Fast forward 6 weeks and my import permit arrives at my door. CME had been holding the guitar while I waited for the paperwork to come thru. Along with the permit there was a vague instruction sheet stating that the ORIGINAL COPY of the import permit had to accompany the item (my guitar in this case) as it crossed the border. I was about to FedEx overnight the paperwork to CME, but given how the whole thing had gone up to this point, I figured I’d better call the CITES office and double check. The CITES office actually had no idea how this worked and put me thru to the Canadian Border Services Agency. The supervisor at the CBSA told me that I needed to hold on to the import permit and that I would be contacted by the courier when my guitar got stopped at the border. I expressed that I wanted to have my guitar shipped directly to my house, and he said that’s not possible. The way it works is that the guitar gets stopped at customs and then the importer has to bring his permit to customs in person to pick up the guitar.

So, I sent an email to CME and told them to ship the guitar. Within an hour it was on the move with UPS. Much to my surprise, three days (and a massive HST charge) later the guitar arrives at my door. Unopened by customs. Completely ignored. All of that CITES garbage for nothing.

If any forum members would like help filling out the CITES import paperwork I’d be glad to help. Though I now know it’s a bit of a farce. I think the last thing customs officials care about is a hundred grams of Brazilian Rosewood. A shipment of 30 logs is different story.


----------



## oldjoat (Apr 4, 2019)

that "accompany the guitar" refers to people traveling with the instrument / species/ specimen/ etc 

as in personally buying it in the US , travel across the US border and stop at Canadian customes , declare the item , they inspect and verify with the permit, assess duties / taxes ... and you're on your way .
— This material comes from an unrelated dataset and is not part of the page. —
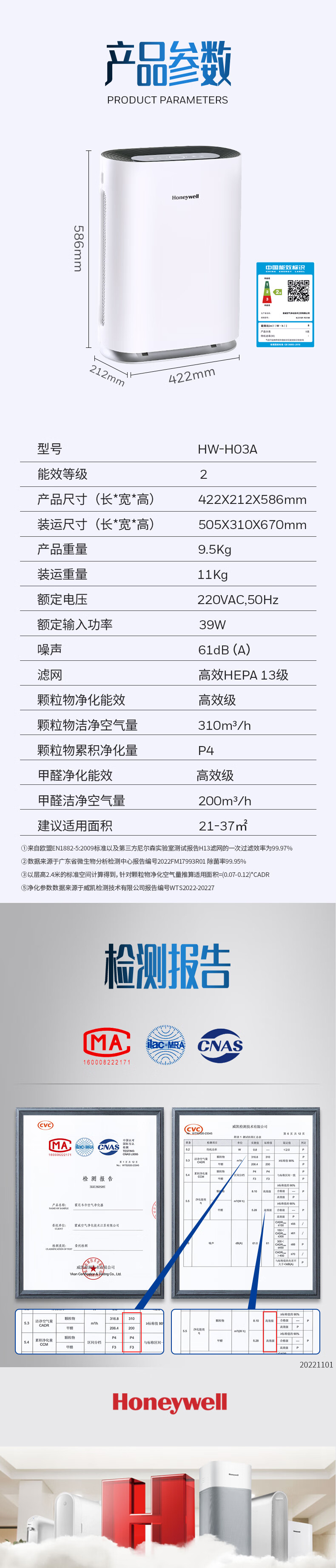 CADR值(m³/h)  :   310m³/h

yes , it's supposed to work as the border agent told you ... but like anything else it probably went like this at 2 AM :

courier, package. 
what is it ?
just a guitar
OK , hold on a minute .... what's the price on it ?
$$$$ US 
yeah , (typing in the background ) that's $$$$$$$$$$$$$$ HST Canadian , there ya go ... now where's my coffee.
nite 
yeah , nite... slurp.


----------



## jdto (Sep 30, 2015)

Man, that is a killer! Congrats!


----------



## StratCat (Dec 30, 2013)

Does it sound as you had hoped/was described compared to all the GTA trials?


----------



## fogdart (Mar 22, 2017)

oldjoat said:


> that "accompany the guitar" refers to people traveling with the instrument / species/ specimen/ etc
> 
> as in personally buying it in the US , travel across the US border and stop at Canadian customes , declare the item , they inspect and verify with the permit, assess duties / taxes ... and you're on your way .
> 
> ...


“Accompany the guitar” means no matter how the guitar crosses the border it needs the import permit. So whether it’s brought back in hand, or shipped, the permit is supposed to be with it. Obviously that’s difficult to coordinate when having an item shipped, so the CBSA’s solution is to stop the item and have the importer come pick it up with the import permit in hand. 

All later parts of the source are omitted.